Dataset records
##############################
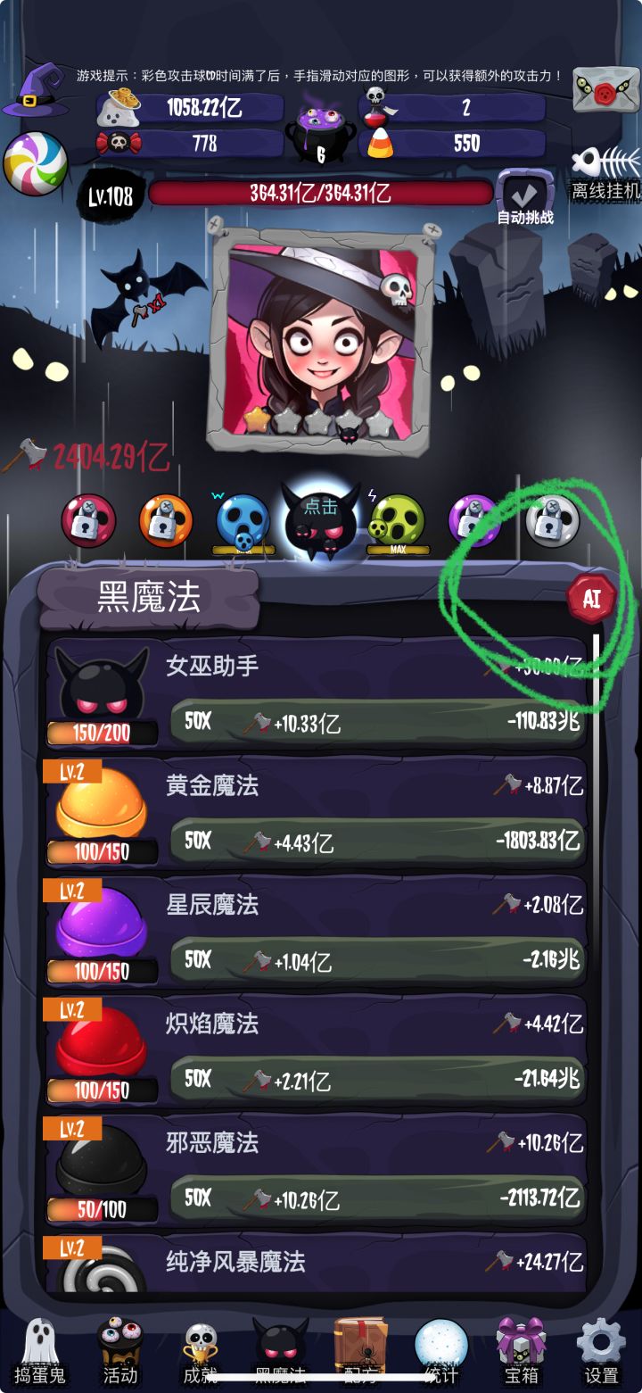 1.黑魔法升级时,可以调到AI模式再点
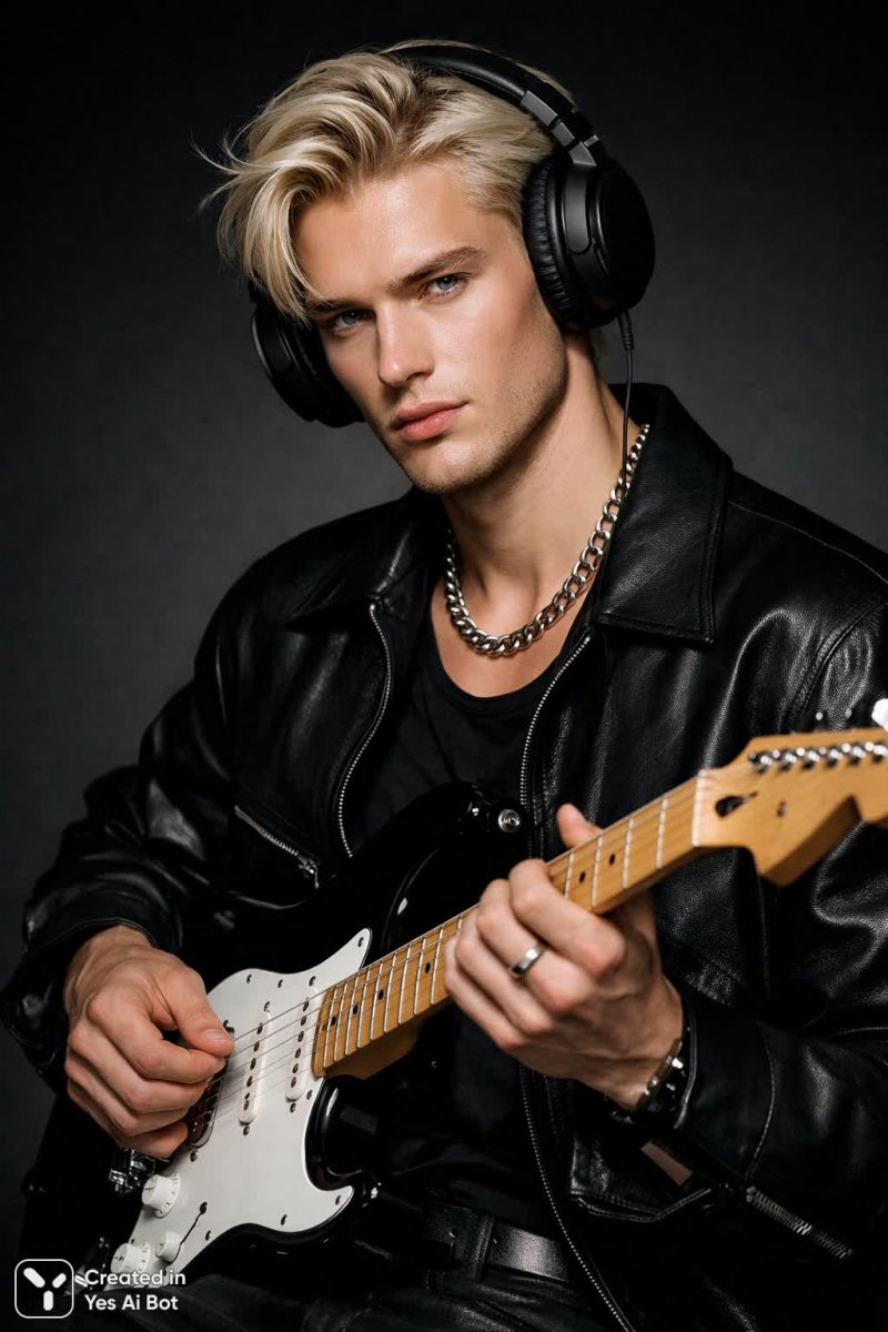 Стильный портрет уверенного в себе блондина, воплощающий дух современной моды и музыки. В кадре запечатлен мужчина с безупречной кожей, выделенной профессиональным студийным освещением, который непринужденно играет на электрогитаре, облаченный в предметы роскошной одежды. Его образ дополняют объемные наушники, подчеркивающие его индивидуальность и музыкальную страсть. Минималистичный темный фон акцентирует внимание на выразительных чертах лица модели, создавая эффект резкой фокусировки и глубины. Картина пронизана духом современности и дерзости, демонстрируя эстетику, сочетающую в себе элегантность высокой моды и энергию альтернативной культуры. Этот образ – манифест уверенности, стиля и творческой свободы, передающий атмосферу современного мегаполиса и вдохновляющий на самовыражение через моду и музыку. Он словно создан для обложки модного журнала или рекламной кампании бренда, ориентированного на молодую и прогрессивную аудиторию. Каждый элемент композиции тщательно выверен, чтобы создать сильный визуальный образ, который запоминается и вызывает положительные эмоции у зрителя. Это не просто фотография – это история о стиле, уверенности и творческом потенциале
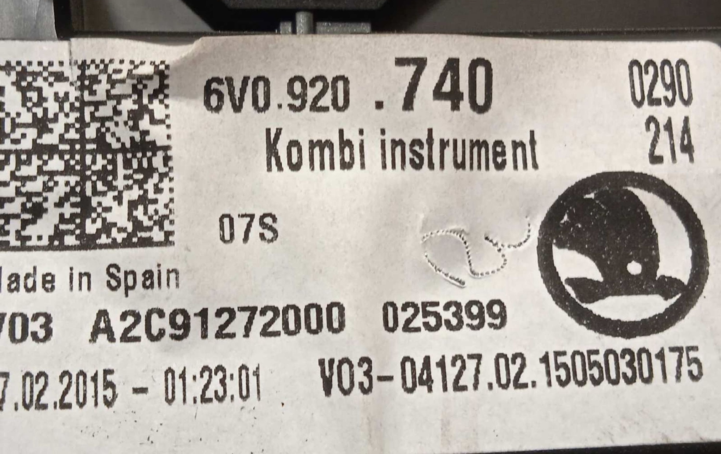 Панель приборов 6V0920740, A2C91272000 Skoda Fabia Mk3 (NJ)
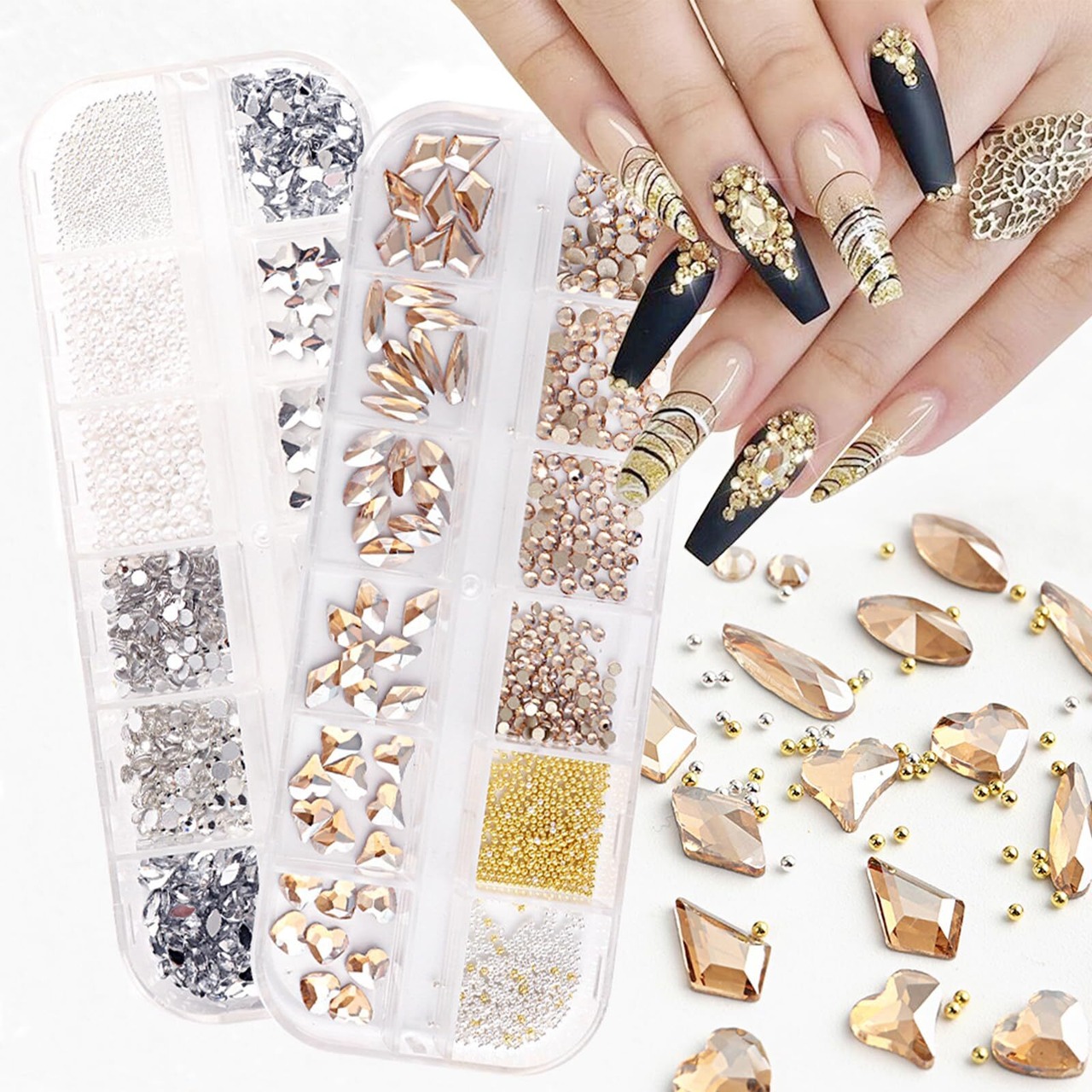 【数量】約8種類のラインストーン。形はダイヤ、スクエア、ラウンド、ハートなど。 また、丸いラインストーンの大きさが4種類、小さなゴールドビーズとホワイトパールが混ざったものが2区画あります。サイズは1mmから8mmまで。すべてのネイルデコレーションニーズに適しています。初心者やDIYデザイナーに適しています!
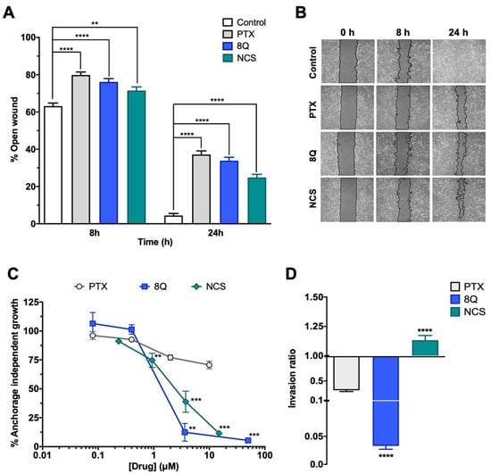 We next examined whether 8Q and NCS impacted other distinctive features of CSCs, including migration, anchorage-independent growth (neoplastic transformation) and cell invasion ability, using the MDA-MB-231 cell line (Figure 3). Regarding migration, significantly lower wound closure was observed in cells treated with anti-CSC drugs compared to the controls (Figure 3A,B). At 24 h, the open wound detected for the control samples was almost minimal (4.45% ± 1.12%), while in cells treated with 8Q and NCS, it was 33.9% ± 1.8% and 24.9% ± 1.7%, respectively (Figure 3A). Of note, treatment with PTX also showed a high inhibitory effect on cell migration (Figure 3A,B). Interestingly, anchorage-independent growth of MDA-MB-231 cells in soft agar was significantly inhibited by treatments with 8Q and NCS (Figure 3C). At the highest tested concentrations of 8Q (50 µM) and NCS (15 µM), the capacity of malignant cells to form colonies was significantly reduced to 5.40% ± 1.23% and 11.48% ± 1.11% of the growth observed in the non-treated cells, respectively. Conversely, PTX treatment was not able to reduce the anchorage-independent growth below 50%, thereby demonstrating that 8Q and NCS had superior anti-CSC activity (Figure 3C).
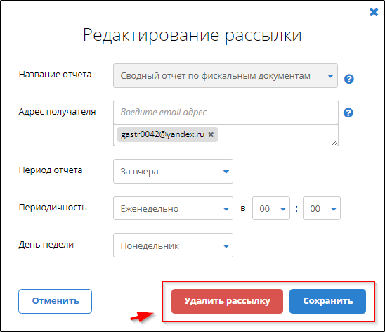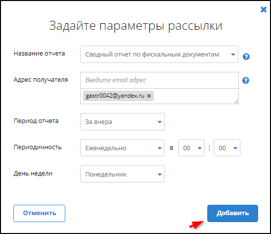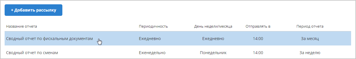 Примечание: Для каждого типа отчета можно добавить только одну рассылку.
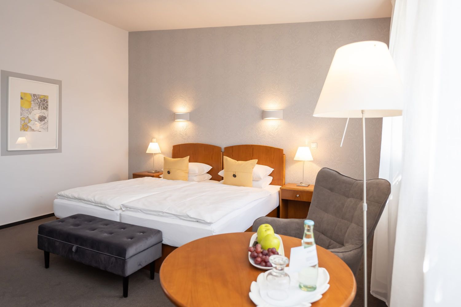 Unsere Zimmer sind großzügig und hochwertig eingerichtet, verfügen über Dusche/WC, Fön, über Flachbild-SAT-TV, WLAN-Empfang und sind bequem über den Aufzug erreichbar.
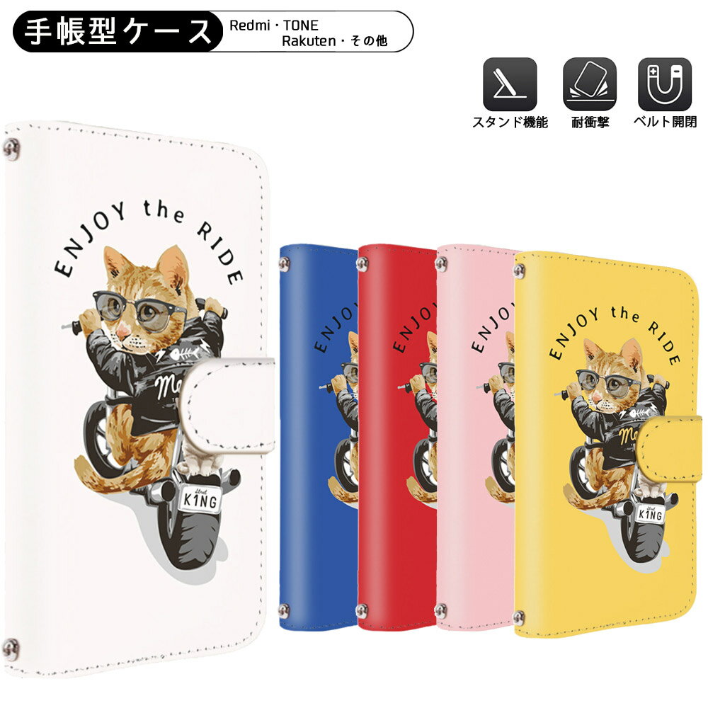 Redmi Note 13 Pro 5G スマホケース Redmi Note 10 JE 猫ライダー Xiomi 12T Pro キャット バイク パロディ 手帳型 Redmi Note 9S 全機種カード収納 Xiaomi 13Tミラー付きRakuten BIG s 多機種Xiaomi Mi 11 Lite 5G
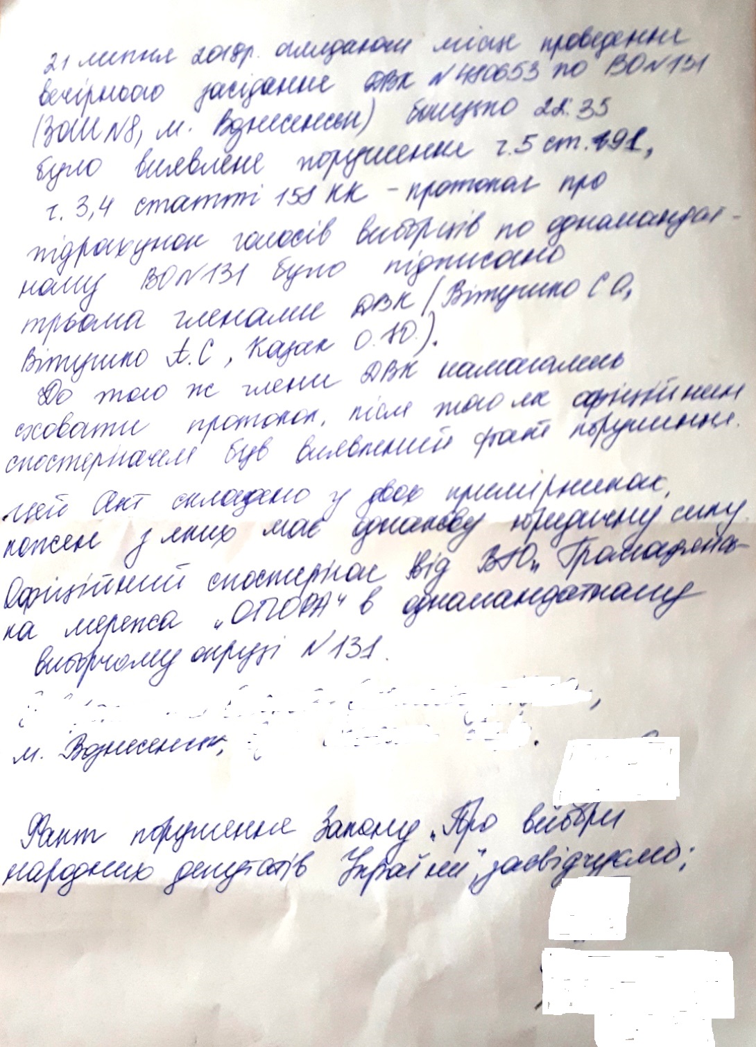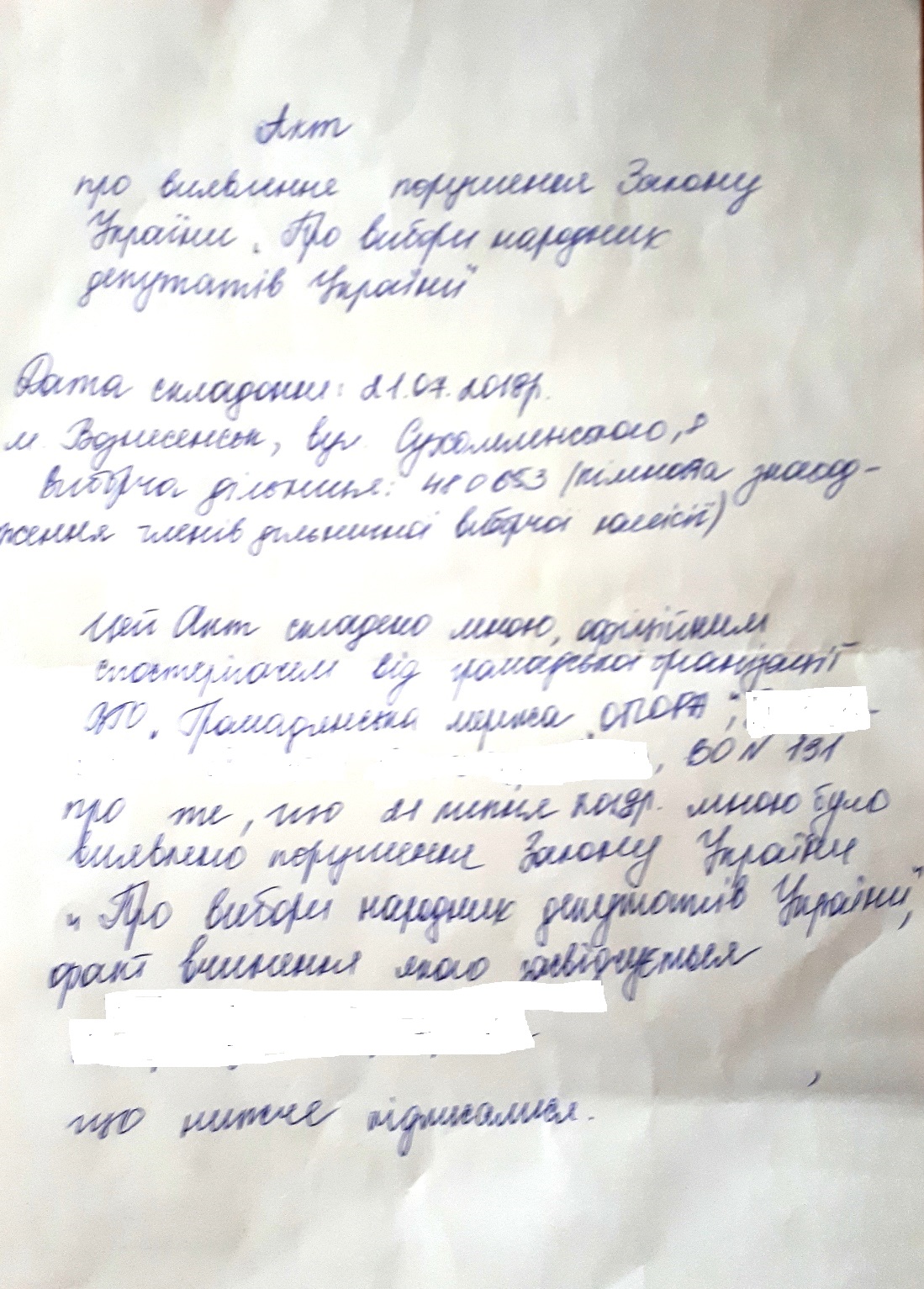 В одномандатному виборчому окрузі №131 на дільниці №480653, спостерігачка ОПОРИ під час підрахунку голосів 21 липня о 22.35 помітила на столі протокол, в який були вписані прізвища трьох членів комісії, навпроти них стояли підписи. Після фіксації даного факту члени ДВК намагались сховати протокол. Спостерігачка ОПОРИ одразу склала акт про це порушення, його підписали ще дві особи.
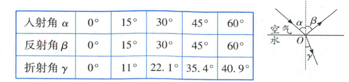 19. 某同学在做“探究光的折射特点”实验,如图是光从空气射入水中时的光路。实验中发现,入射光线、折射光线和法线在同一平面内,折射光线和入射光线分别位于法线的两侧。通过实验还得到如下表所示的数据:
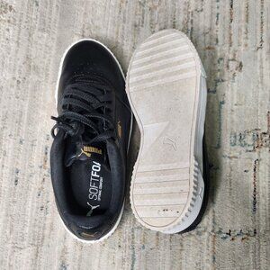 Puma Women's Carina Sneakers. Black with the Gold Puma Logo, size 8.5
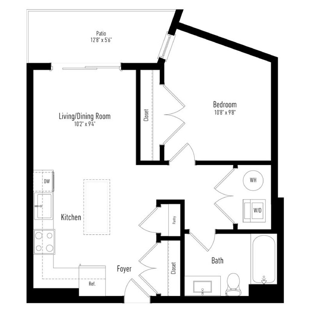 Modelo de apartamento: A1Desde $2,4001 Dormitorio, 1 Baño, 631 sq ftDisponible AhoraPlanosFotos![]()
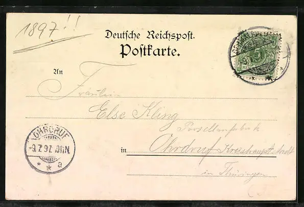 alte Ansichtskarte, gelaufen 1897, guter Zustand
##############################
* [YOUR TASK] The range to copy runs from the line with "Puma Women's Carina" to the last line of the entries, both included; copy it exactly and leave out the pictures.

* [FINISHED TASK]
 Puma Women's Carina Sneakers. Black with the Gold Puma Logo, size 8.5
 Modelo de apartamento: A1Desde $2,4001 Dormitorio, 1 Baño, 631 sq ftDisponible AhoraPlanosFotos![]()
 alte Ansichtskarte, gelaufen 1897, guter Zustand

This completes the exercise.